In other news from Washington, members of the Congressional Black Caucus met with the parents of Mychal Bell, the African-American teen jailed in the Jena Six case. Bell remains in prison despite a court’s ruling he was illegally tried as an adult. House Judiciary Chair John Conyers says he will press for Bell’s release.
A gathering of world leaders for the opening of the General Assembly continues at the United Nations. On Tuesday, Cuba’s delegation walked out of the General Assembly after President Bush called Fidel Castro a “cruel dictator” during his speech. In a statement, the Cuban government said: “Bush is responsible for the murder of over 600,000 civilians in Iraq. … He is a criminal and has no moral authority or credibility to judge any other country. … Cuba condemns and rejects every letter of his infamous tirade.”
As Bush spoke, hundreds of people rallied outside against the Iraq War. A coalition of New York City grandmothers held a mock funeral procession for those who have died in Iraq since the U.S. invasion.
Frances Goldin: “I wouldn’t miss a demonstration. I think we’ve got to end the war. I think we have to get out of Iraq. I think we have to get rid of the idiot president who doesn’t represent me but is still in power.”
Meanwhile, hundreds also turned out for a rally against Iranian President Mahmoud Ahmadinejad.
Mohammad Souri: “He’s just part of the system. The whole entire system is a regime of terror, death. I mean, that’s pretty obvious by now to the rest of the world. And we are opposing not only Ahmadinejad but the rest of the regime, all the mullahs, Khomeini and the rest.”
Inside the General Assembly, several Latin American leaders gave speeches focusing on climate change, poverty and human rights. Nicaraguan President Daniel Ortega criticized the U.S. role in Latin American and the world.
Nicaraguan President Daniel Ortega: “And then we had the immigrants from Europe who came over here to mix with those people and to become, in turn, owners of what didn’t belong to them. They robbed the original people of their rights and their cultures, and they imposed their culture and the interests of the colonizers, and that is what gave rise to what we see today. What we call the most exemplary democracy in the world is really tyranny. It is the most impressive and largest dictatorship that has ever existed: the empire of North America.”
And the Palestinian leader and physician Haidar Abdel-Shafi has died at the age of 88. Shafi led several Palestinian delegations to peace talks, including the 1991 Madrid Conference and subsequent sessions in Washington. He left the negotiation process in protest of the Israeli government’s refusal to halt settlement construction in the Occupied Territories. Shafi was also a founder of the Palestine Red Crescent Society in Gaza. Democracy Now! spoke to him in the midst of an Israeli attack on Gaza in May of 2004.
Dr. Haidar Abdel-Shafi: “Our declared position that we accepted a state and the borders in 1967, it is, I think — it proves that we are conciliatory. We want peace. We don’t want this confrontation that entails suffering on both sides.
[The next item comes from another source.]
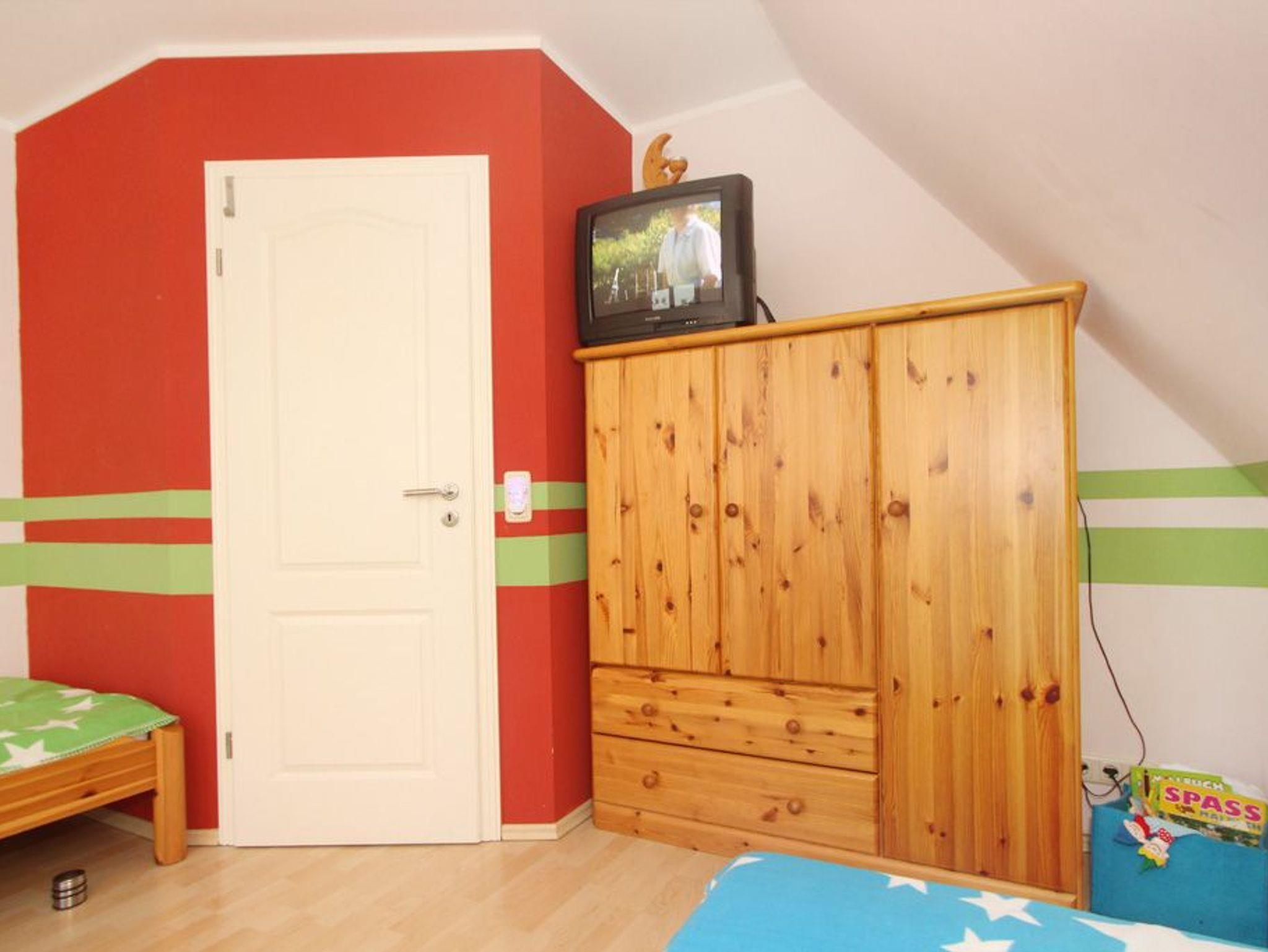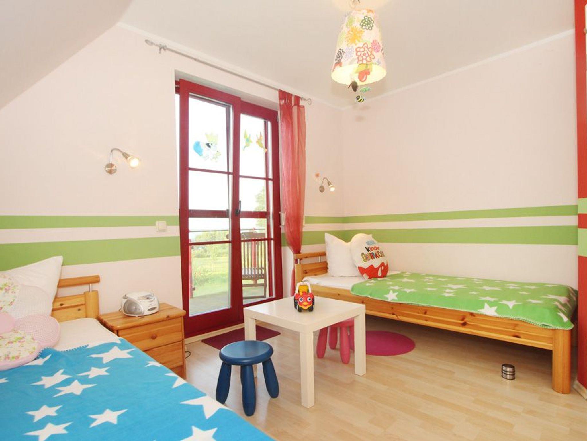 In der zweiten Wohnebene befinden sich die 3 Schlafzimmer: Für Kinder stehen im Kinderzimmer 2 Einzelbetten zur Verfügung. Im 2. und 3. Schlafzimmer steht jeweils ein Doppelbett. Im 3. Schlafzimmer ist zusätzlich ein Fernseher und ein Kinderreisebett.

I think our position is very realistic. And I don’t see why Israel comes up and makes — I know that, I mean, Israel is acting on the basis of the inition and Zionist claims that were voiced in the first Zionist conference. But it is time to realize that what was said in the first Zionist congress is not workable. It entails the sacrifice of a whole population, Palestinians. And it’s time that everybody sobers up and sees the end of this, a terrible conflict that’s going on.”